ASSIGNMENT:
The required answer is an exact copy of the lines from the one containing "Double-click the EPSON" to the end of the listing, both included, without any pictures.

DATASET EXCERPT:
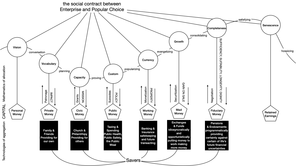 This is obviously the special pleading for the self-interest of securities trading markets professionals, in bringing the tens of trillions in society’s “safe” money aggregated into social trusts for provisioning the mutual aid societies of Workforce Pensions and Civil Society Endowments, as “forever machines”, to assure income security in a dignified future for some, directly, and all, consequently.
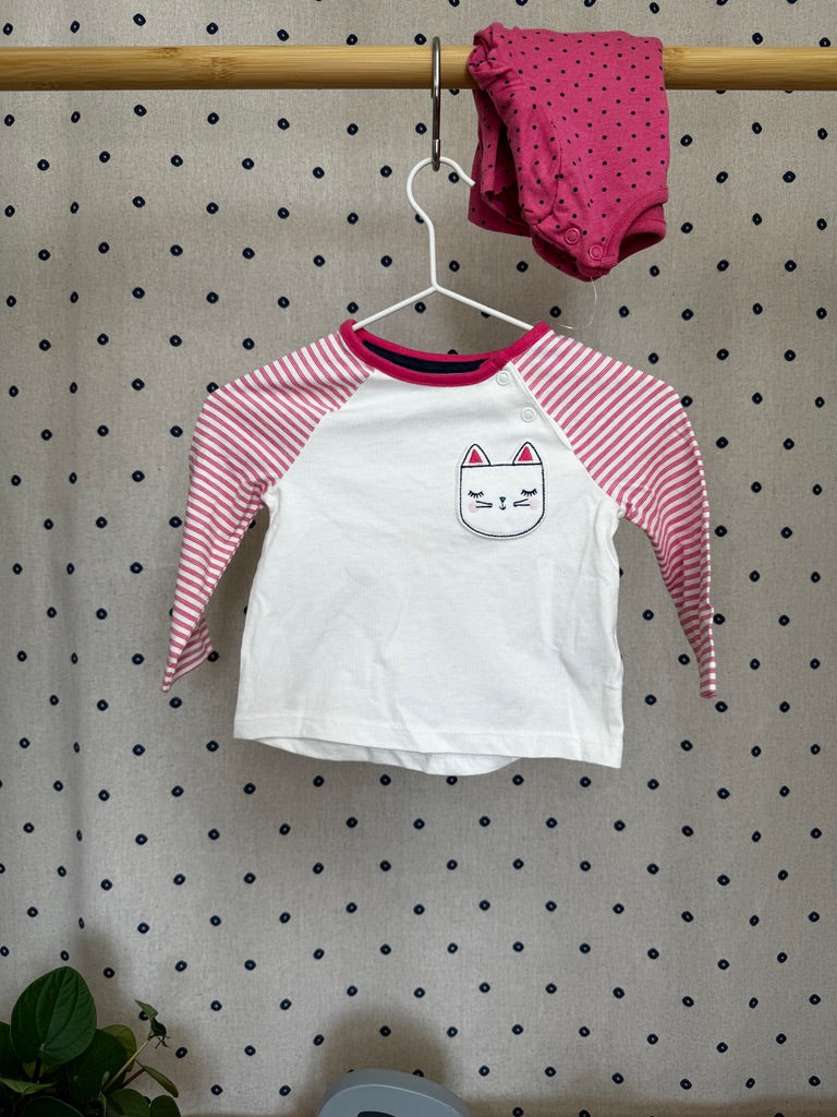 Roztomilá sada dvou triček s dlouhým rukávem značky F&F ve velikosti 68 je perfektní volbou pro malé holčičky. První tričko je bílé s růžovými pruhovanými rukávy a výšivkou usměvavé kočičky...
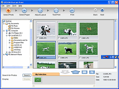 Double-click the EPSON File Manager icon on the desktop, select the images to use, then click the Advanced Photo Print icon in the upper part of the EPSON File Manager window.
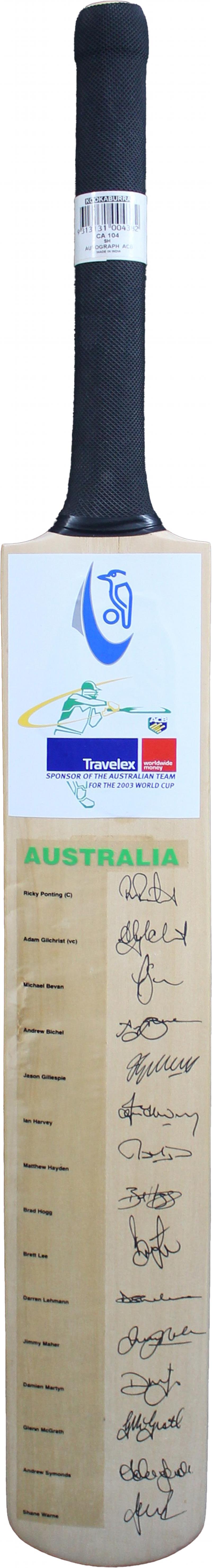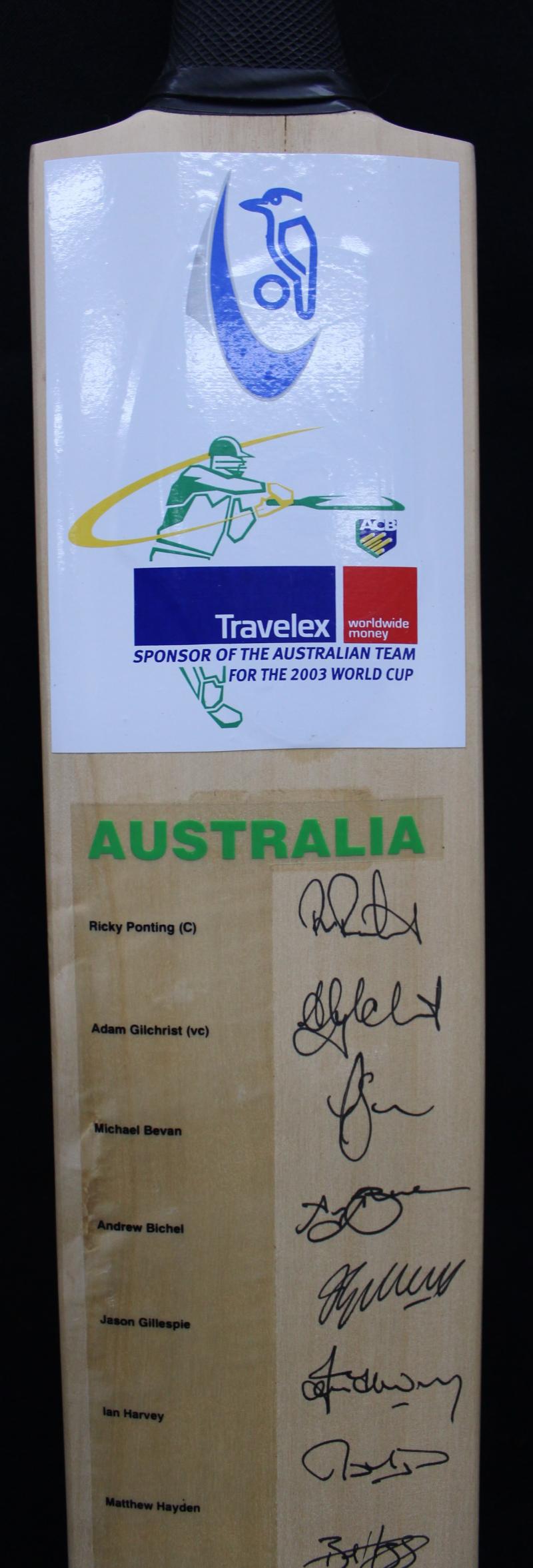 2003 World Cup 'Kookaburra' cricket bat signed by the Australian Team with 13 signatures including Ricky Ponting (captain), Adam

RESPONSE TO THIS TASK:
 Double-click the EPSON File Manager icon on the desktop, select the images to use, then click the Advanced Photo Print icon in the upper part of the EPSON File Manager window.
 2003 World Cup 'Kookaburra' cricket bat signed by the Australian Team with 13 signatures including Ricky Ponting (captain), Adam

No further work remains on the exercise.